WORK TASK:
Each line below must be set down exactly; omit any image you find.

DATA SECTION:

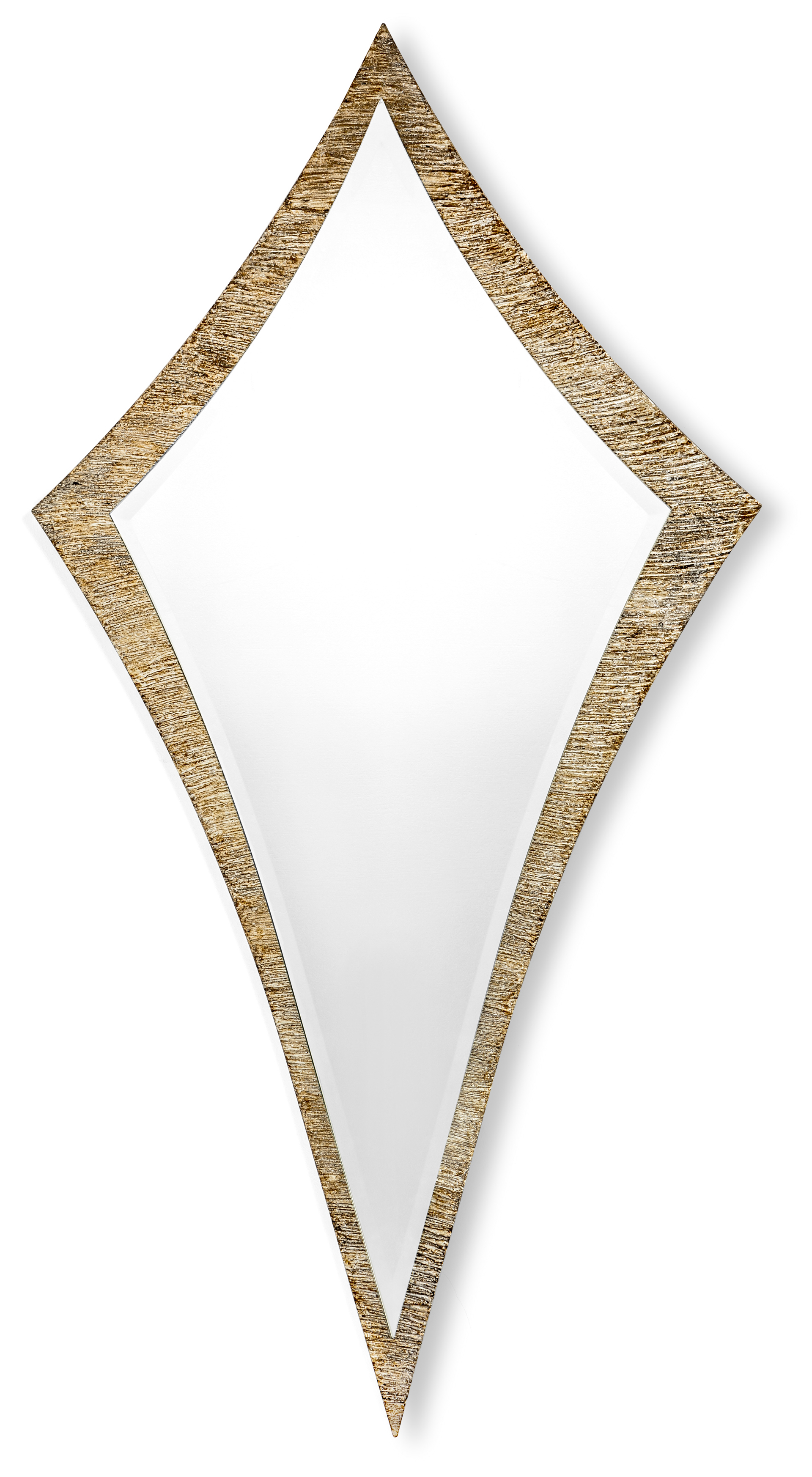 Lo specchio è in vetro molato di forma irregolare mentre la cornice è realizzata in ferro piatto tagliato a laser con decorazione artigianale in stucco e foglia argento. La forma di questa specchiera permette di creare diverse composizioni sulla parete della sala o dell'ingresso.
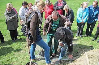 Nach dem Obstbaum pflanzen, wird der Obstbaumschnitt ausführlich vorgeführt mit Baumwärterin Elfriede Huber und Baumwärter Andreas Dygruber
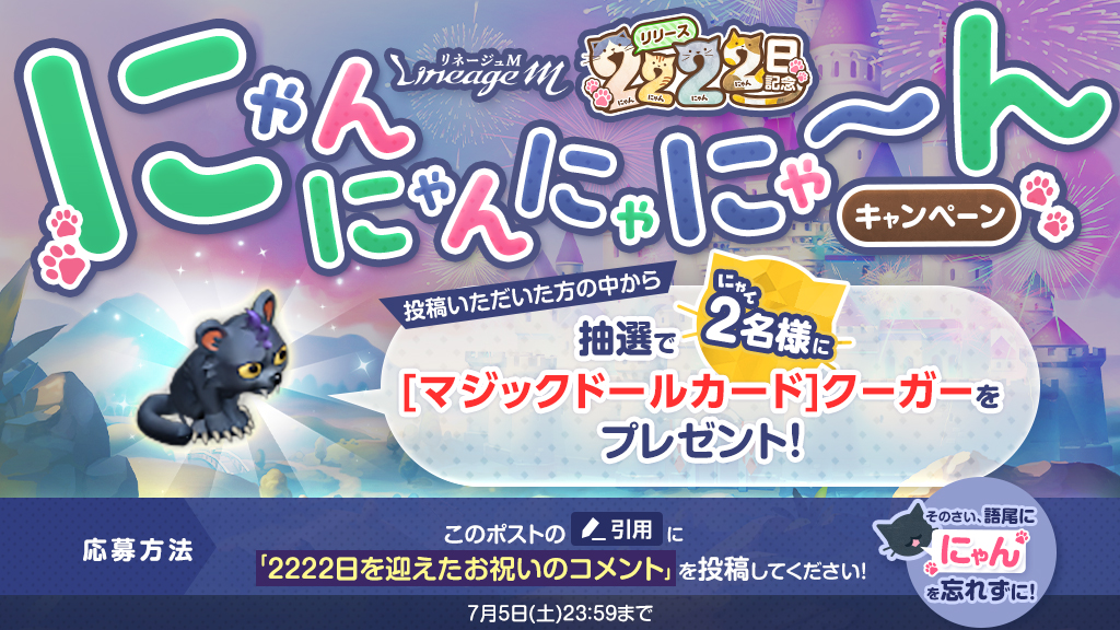 リリース2222日を記念して、2222日を迎えたお祝いのコメントを募集する「リリース2222日記念!にゃんにゃんにゃにゃーんキャンペーン」についてご案内申し上げます。
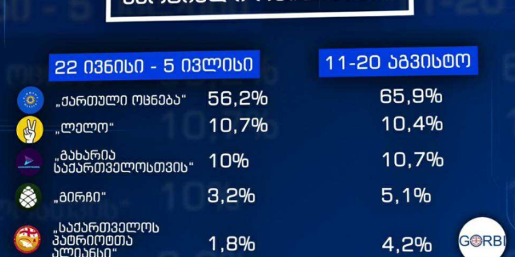 GORBI-ს წინა კვლევა ჩატარდა 22 ივნისი 5 ივლისის პერიოდში. მაშინ მმართველი პარტიის რეიტინგი 56.2% იყო, ეს მონაცემი კი დაახლოებით ერთ თვეში, 65.9%–ად იქცა.
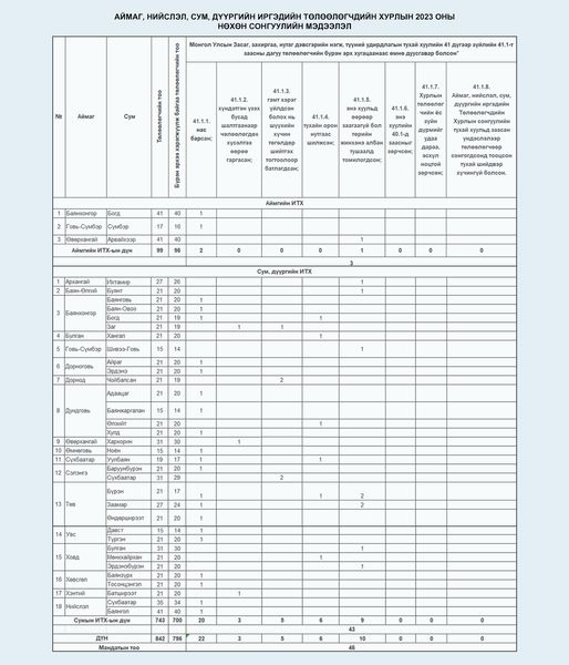 2023 онд нөхөн сонгууль болох сум, аймаг, дүүргийн мэдээлэл

TASK ANSWER:
 Lo specchio è in vetro molato di forma irregolare mentre la cornice è realizzata in ferro piatto tagliato a laser con decorazione artigianale in stucco e foglia argento. La forma di questa specchiera permette di creare diverse composizioni sulla parete della sala o dell'ingresso.
 Nach dem Obstbaum pflanzen, wird der Obstbaumschnitt ausführlich vorgeführt mit Baumwärterin Elfriede Huber und Baumwärter Andreas Dygruber
 リリース2222日を記念して、2222日を迎えたお祝いのコメントを募集する「リリース2222日記念!にゃんにゃんにゃにゃーんキャンペーン」についてご案内申し上げます。
 GORBI-ს წინა კვლევა ჩატარდა 22 ივნისი 5 ივლისის პერიოდში. მაშინ მმართველი პარტიის რეიტინგი 56.2% იყო, ეს მონაცემი კი დაახლოებით ერთ თვეში, 65.9%–ად იქცა.
 2023 онд нөхөн сонгууль болох сум, аймаг, дүүргийн мэдээлэл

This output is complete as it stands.